Repeat the data exactly. Pictures are not part of the copy.
====== Information provided
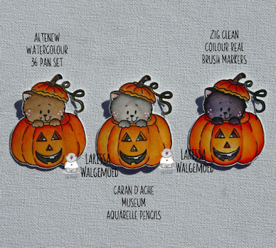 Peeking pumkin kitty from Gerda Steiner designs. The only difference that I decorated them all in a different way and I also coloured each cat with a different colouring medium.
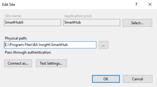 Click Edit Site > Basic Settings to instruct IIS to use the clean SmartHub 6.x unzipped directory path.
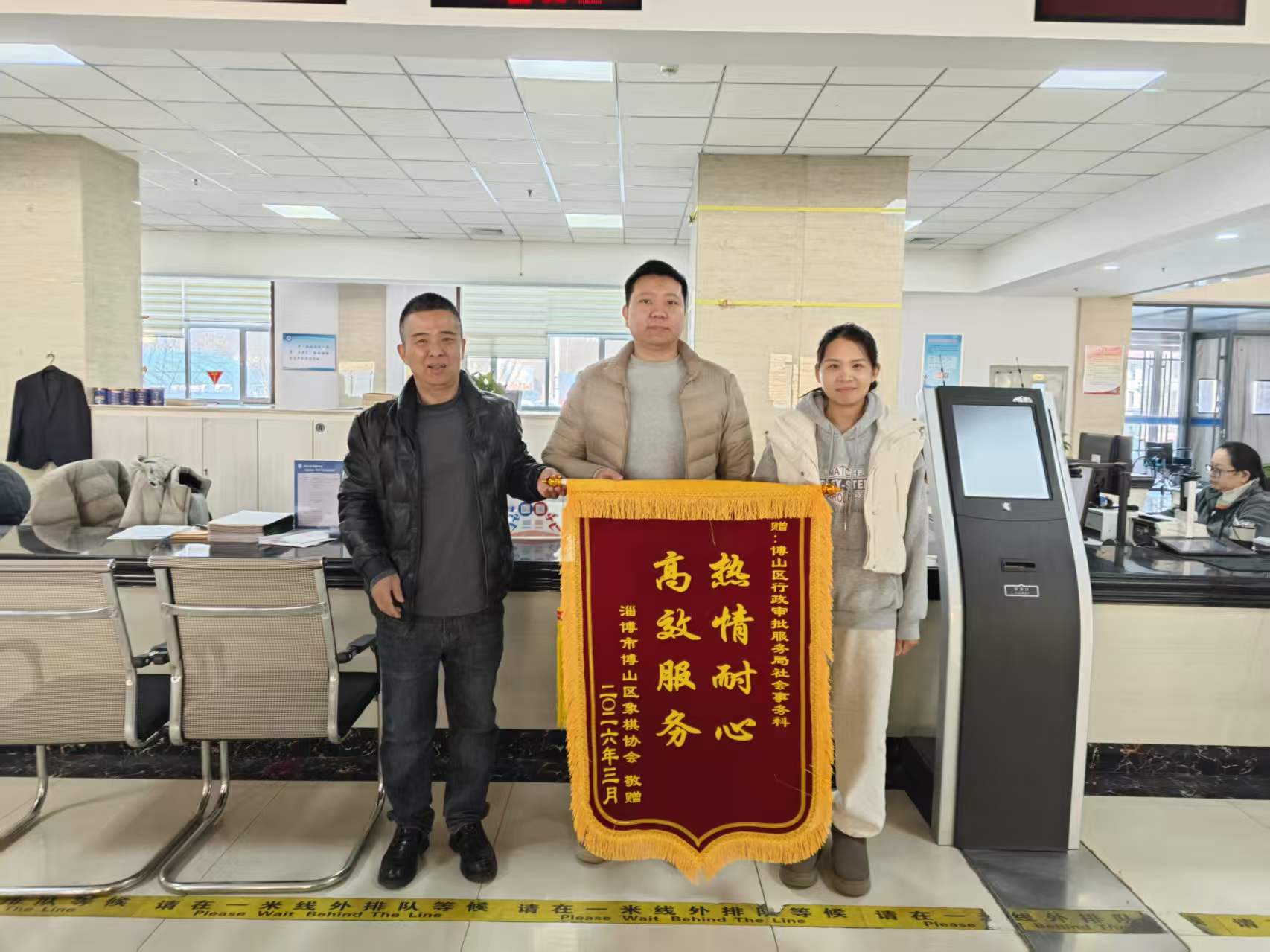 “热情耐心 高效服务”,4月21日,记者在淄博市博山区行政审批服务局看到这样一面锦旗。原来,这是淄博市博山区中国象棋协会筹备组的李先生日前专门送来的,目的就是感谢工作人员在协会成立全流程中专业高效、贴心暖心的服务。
============
*Task response*:
 Peeking pumkin kitty from Gerda Steiner designs. The only difference that I decorated them all in a different way and I also coloured each cat with a different colouring medium.
 Click Edit Site > Basic Settings to instruct IIS to use the clean SmartHub 6.x unzipped directory path.
 “热情耐心 高效服务”,4月21日,记者在淄博市博山区行政审批服务局看到这样一面锦旗。原来,这是淄博市博山区中国象棋协会筹备组的李先生日前专门送来的,目的就是感谢工作人员在协会成立全流程中专业高效、贴心暖心的服务。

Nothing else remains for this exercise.